Despite the name RTM, the method allows for the remote monitoring of a wide range of non-physiologic information, not only therapeutic communication. The principal billers under the new RTM codes are physical therapists, clinical psychologists, speech-language pathologists, and occupational therapists.

Is RTM Different From RPM?

Compared to RPM, remote patient monitoring tools enable the observation and management of a greater spectrum of health issues. Therefore, RTM coding includes compensation for services comparable to RPM but does not qualify for Remote Patient Monitoring billing under existing CPT codes.

RTM and RPM both need the use of medical instruments. However, the inclusion of self-reported data inside RTM codes is a significant distinction. Reimbursement for Remote Physiological Monitoring necessitates medical gadgets that automatically capture and upload the patient’s physiological data. On the other hand, RTM data can be self-reported, physically input into a device, and digitally submitted by patients.

Who Can Order and Deliver RTM?

RTM may be billed as general medicine services by physicians and other certified healthcare practitioners. The CPT Codebook defines a physician or other qualified healthcare professional as an individual who is qualified by education, training, and licensure to perform and report on a professional service within their scope of practice.

RTM codes for physical therapists (PT), occupational therapists (OT), speech-language pathologists, physician assistants, nurse practitioners, and clinical social workers may also be accessible.
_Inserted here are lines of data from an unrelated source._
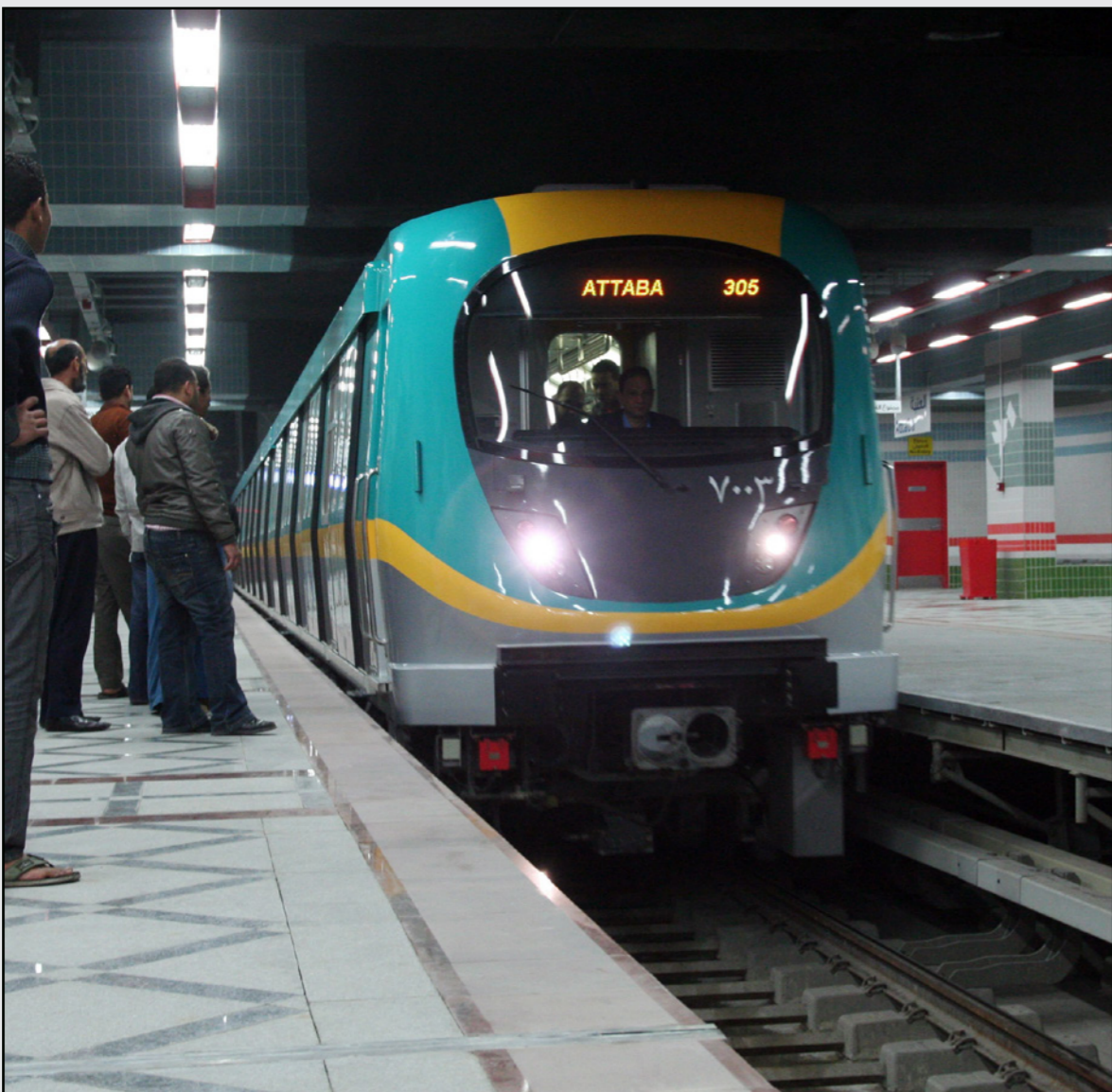
إحدى محطات المترو في القاهرة

بالمئة لتصل إلى جنيهين للتذكرة. يأتي الإعلان عن الزيادة الجديدة بعد أيام قليلة من رفع حكومة شريف إسماعيل أسعار جميع المواد البترولية والكهرباء ورفع رسوم عدد من الخدمات.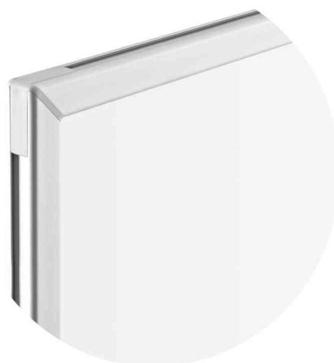
Vue détaillée du cadre de profil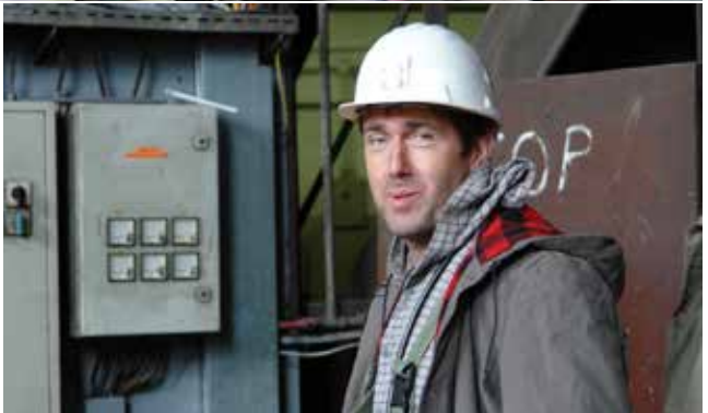
Veseli ob koncu »ših«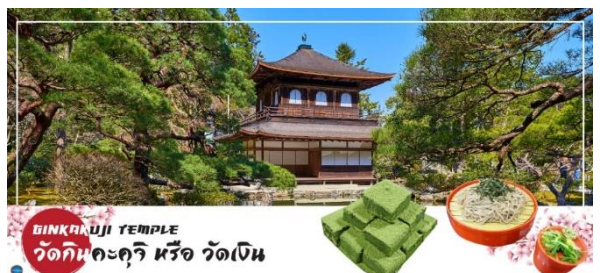
GINKAKUJI TEMPLE วัดกินคะคุจิ หรือ วัดเงิน

จากนั้นนำท่านสู่ วัดกินคะคุจิ (Ginkakuji Temple) หรือ วัดเงิน (ใช้ระยะเวลาในการเดินทางประมาณ 15 นาที) เป็นอีกหนึ่งในสถานที่ที่ขึ้นทะเบียนกับองค์การยูเนสโกให้เป็นมรดกโลกด้านวัฒนธรรม ซึ่งวัดกินคะคุจิเป็นวัดนิกายเซน ถูกสร้างขึ้นโดยโชกุนอชิคากะ โยชิมาสะ หลานชายของท่านโชกุน ที่สร้างวัดกินคะคุจิ (Kinkakuji Temple) หรือ ที่รู้จักกันอย่างกว้างขวางว่าวัดทองสำหรับอาคารของวัดเงิน สร้างขึ้นในรูปแบบเดียวกัน เพียงแต่จะไม่ได้มีสีทอง เป็นอาคาร 2 ชั้น และมีนกฟีนิกซ์อยู่บนหลังคา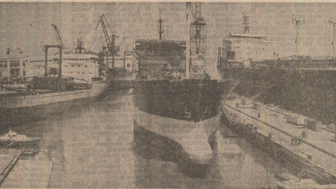
Imagine de pe Şantierul Naval din Galaţi

— Cum se trăieşte viaţa la temperatura asta? — Repede şi... deplin. — 270 de comunisti meseriaşi cu îndelungă experienţă — se află în „locurile-cheie" de producţie ale bazei. Cei mai mulţi, formaţi aici. Foar-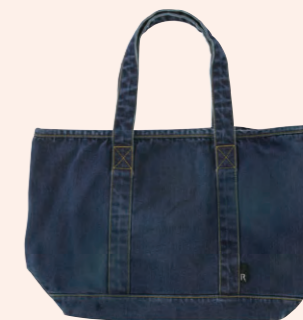
314401 Dark Used JAN : 4980862 314414

サイズ: W51×H33×D17cm 持ち手: 52cm 素材: 綿 ポケット: 外側1箇所、内側2箇所 生産国: 中国 小売LOT: 3/問屋LOT: 18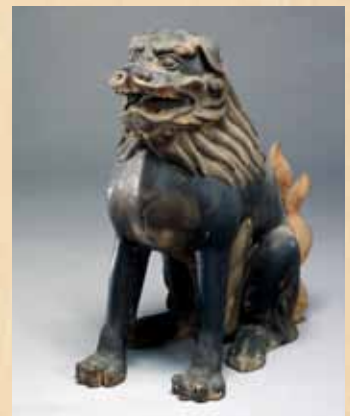
《獅子・狛犬(峰定寺伝来) 京都国立博物館》

獅子、狛犬ともに百獣の王ライオンの姿を写したもので、頭上に一本の角のある方を狛犬、無い方を獅子と呼びます。エジプト、中東地域では写実的なライオンが造られましたが、生息地から遠く離れた中国では姿が変わって唐獅子となり、それが日本に伝わりました。平安時代以降神社や寺院の入り口、あるいはお堂に置かれ、境内や神仏の像を守護する役を担ったのです。10対ほどの獅子・狛犬を並べた空間をおたのしみください。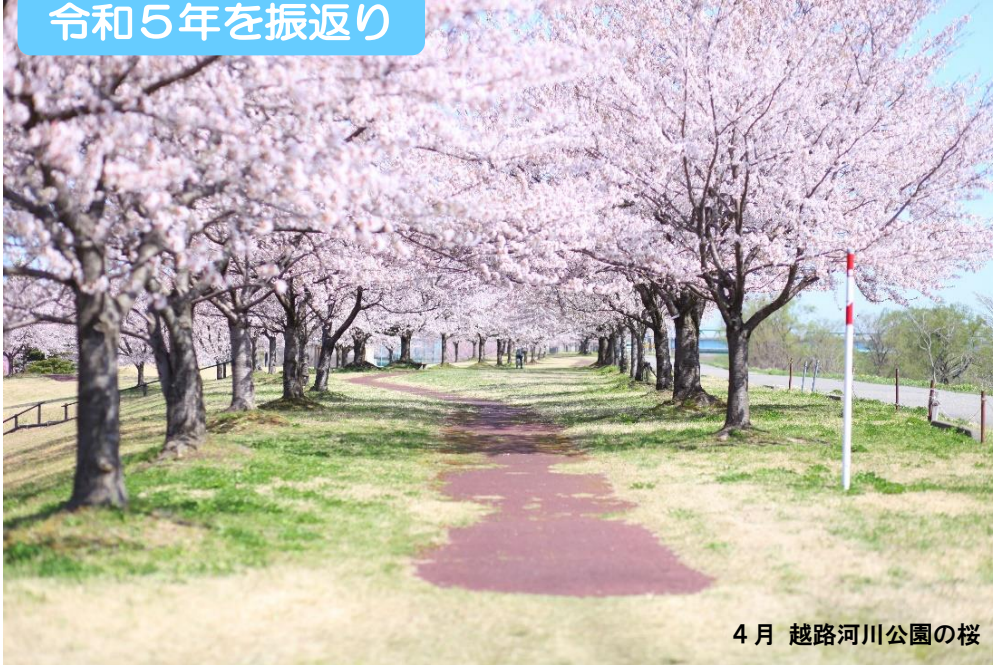
4月 越路河川公園の桜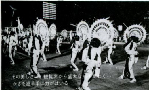
その美しさ、観覧席から盛大な拍手をかき渡る手に力がいはい

昭和四十年から始めたしゃんしゃん祭りは、年とともに盛大となり、ことしは四十三連の三、五五〇人が参加しました。沿道には緑台を持ち出している観客も多くなり、まちのあちこちからは、ヨイショイ……、ソレーなどと声援がかかり、拍手も多くなりました。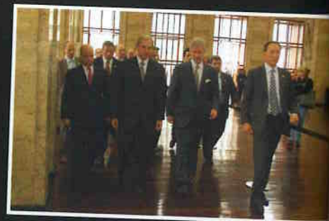
Príncipe da Bélgica chega à sede da Prefeitura.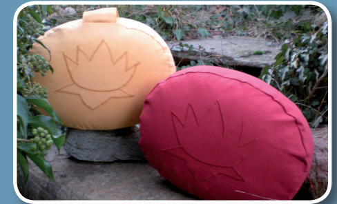
Meditationskissen „oval“ mit Lotusblüte

15 cm höchste Stelle, 45 cm lang, Preis: 21,- EUR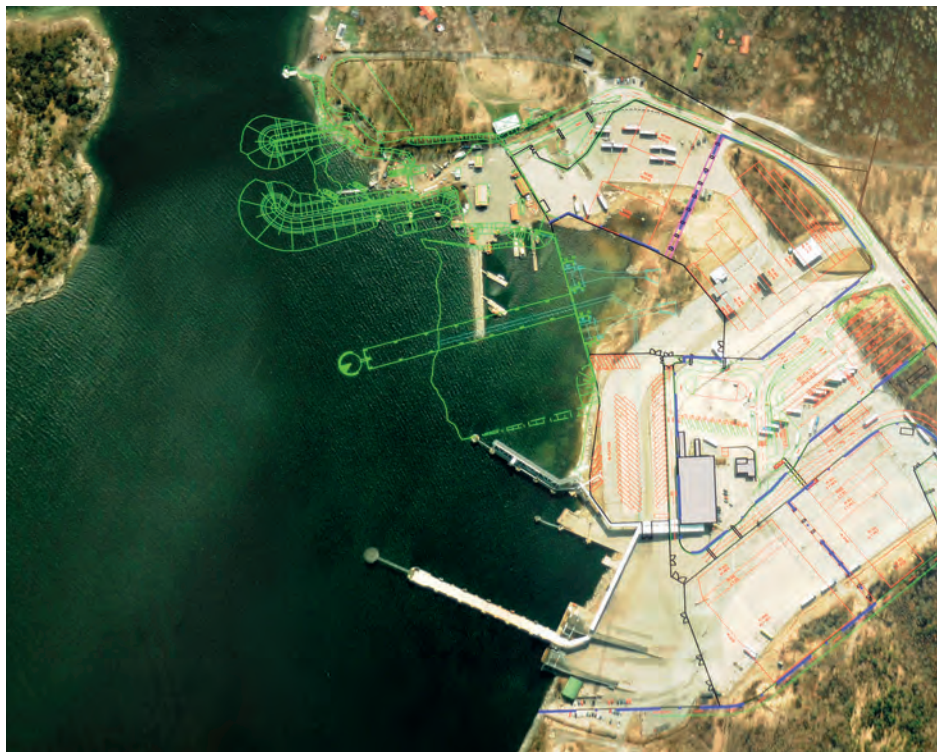
Sjöfartverkets lotshamn flyttas söder ut.

De första arbetena omfattar en fördjupning av hamnbassängen, utfyllnad av vik samt byggnation av lotshamn. Vid muddringen fraktas de lösa massorna ut till Uddjupet och bergmassorna används i projektet.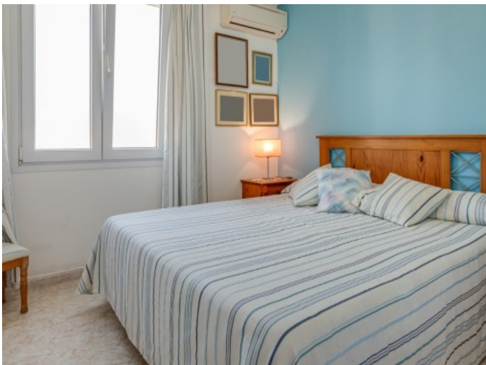
Uno de 4 dormitorios bonitos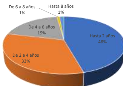
Distribución de la Cartera

Cifras Promedio del tercer Trimestre del 2022 (Cifras en millones de pesos)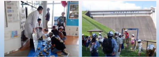
⑥ 岩手県立博物館合同テーマ展コラボイベントを開催 バックヤードツアーやダムのしごとたいけんなど、普段見られない 場所を見学したり、ダムで働く人たちのしごとを体験したりして いただきました。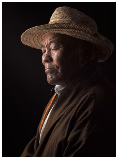
12. Choeying Tsamchoe © David Zimmerman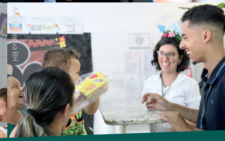
A tarde voluntária foi um sucesso e levou alegria e diversão para mais de 100 crianças apoiadas pelo projeto ASPAC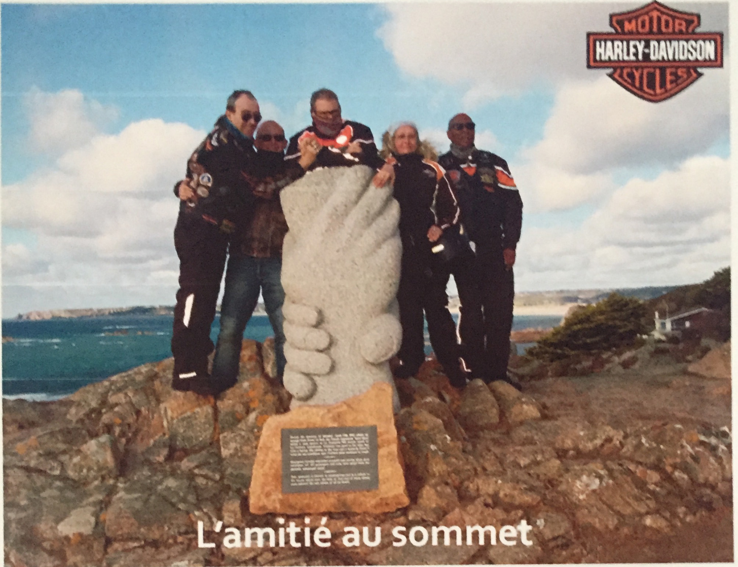
L'amitié au sommet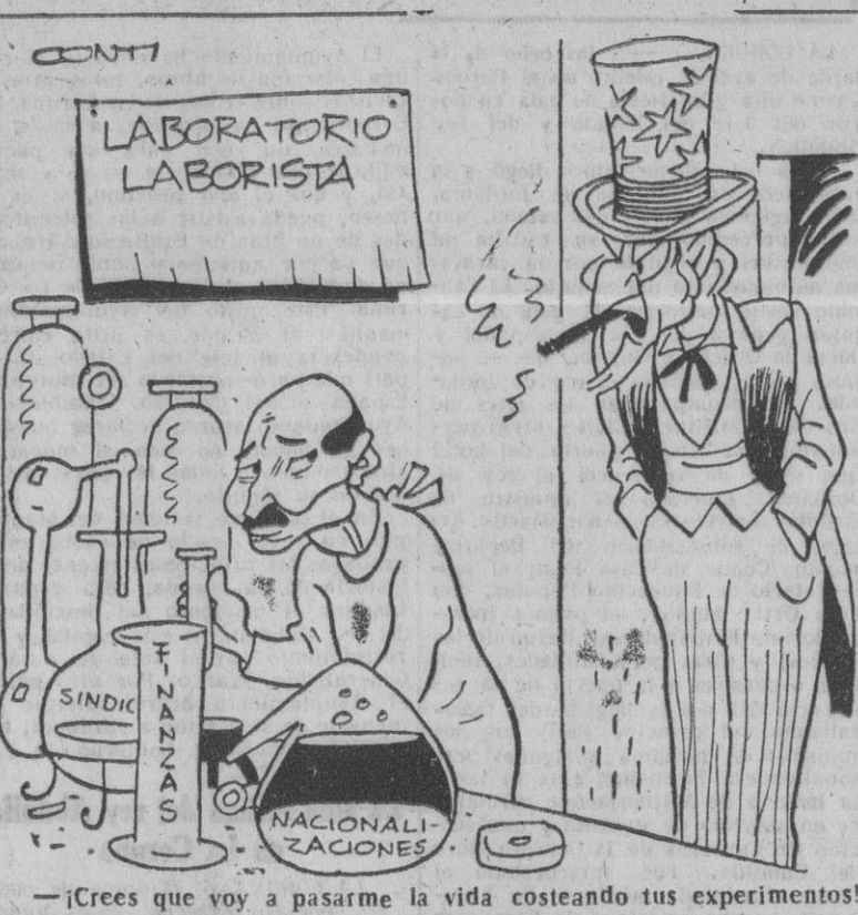
—¡Crees que voy a pasarme la vida costeano tus experimentos!

What Is the Required RTM Duration of Service

CPT code 98980 necessitates at least 20 minutes per month committed to remote therapeutic monitoring and management of the patient. This period must also contain at least one interactive dialogue with the patient or caregiver during the month. This can be through a phone or video call. CPT code 98981 has the same criteria as CPT code 98980, except that it is used as an add-on code for an extra 20 minutes every month.

Bottom Line

Now that you know the answer to “what is therapeutic patient monitoring?”, it’s worth noting that the CMS is currently seeking user input on options for integrating practitioners who do not have physician or non-physician provider licenses. They are also looking for input on standard devices used to monitor the kind of data contained in the code descriptors and the associated expenses.